Though it is only in its second year, the Act’s changes to compassionate release have transformed federal prison resentencing. Nearly three times more defendants were granted relief in the first nine months of 2019 alone than in all of 2018.[18] As of October 2020, approximately 1,800 federal prisoners have been granted compassionate release since the FSA’s passage, with the overwhelming majority coming from judicial approvals overturning BOP denials.[19] Many district court judges have responded quickly to their new role under the Act, with some granting relief within just a few days of prisoners’ requests.[20] The COVID-19 epidemic only heightened judicial responsiveness to compassionate release claims, with some judges taking extraordinary efforts, including bypassing time length and exhaustion requirements, in order to release prisoners more quickly.[21]
Yet there is an emerging circuit split between the courts that construe this newfound discretion broadly and those that continue to grant compassionate release only in cases of terminal or debilitating illness.[22] Moreover, the courts that construe their discretion more expansively (which this paper calls “Cantu courts”) continue to use the catch-all “other reasons” provision to grant relief.[23] Cantu courts stand in marked disagreement with the courts construing their discretion narrowly (“Lynn courts”), which have continued to adhere strictly to preexisting policy guidance by federal agencies.[24]

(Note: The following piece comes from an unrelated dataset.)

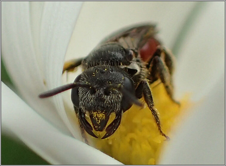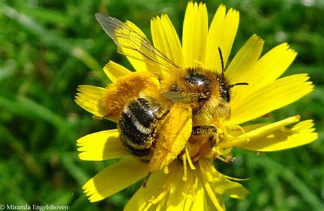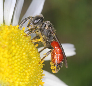 The hairy pantaloon bees are often found feeding on pollen and nectar on flowers in the Asteraceae family.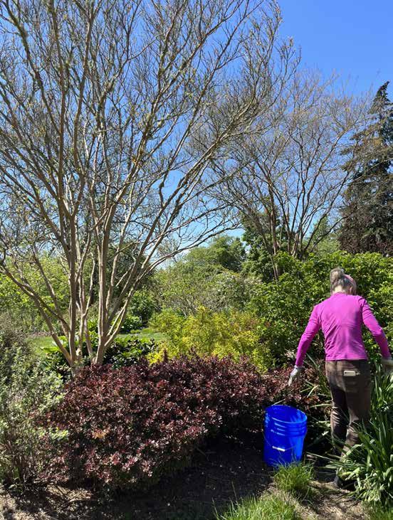 I arrive for my tour on a beautiful spring day and see many shades of foliage illuminated by the sun, punctuated by assorted blooms big and small. Susie’s passion for the garden and the plants growing in it is immediately evident. “I have been involved with the garden at different levels since its inception over 30 years ago. Now I do the floral arrangements for events, work in our Perennial Border which is the largest such border in the United States run by volunteers, and obviously I am a docent,” she says. She introduces me to volunteers and employees and describes how the park started out as 7.5 acres of private arboretum land, deeded to the City of Bellevue with the provision that it remain a public park. Three more land acquisitions in various forms add up to the 53 acres that comprise the park today.

This Note examines the Cantu-Lynn doctrinal split and its implications for the United States’ federal prisoners. The analysis proceeds in three parts. First, Part I considers how the Act altered compassionate release by authorizing courts to engage in BOP oversight and to grant relief to deserving defendants. Part II examines the emerging circuit split concerning whether federal district courts have license to consider an expansive range of factors under the First Step Act. Part II then provides data on the key factors and judicial outcomes across U.S. courts evaluating compassionate release claims. Part III provides a close reading of the Act’s statutory text and builds off of Shon Hopwood’s historical research into “second look” resentencing, ultimately concluding that the Cantu approach to compassionate release criteria best serves Congress’s statutory intent in enacting the FSA. Finally, the Conclusion considers how the Cantu construction could reduce recidivism and promote rehabilitation among America’s federal prisoners.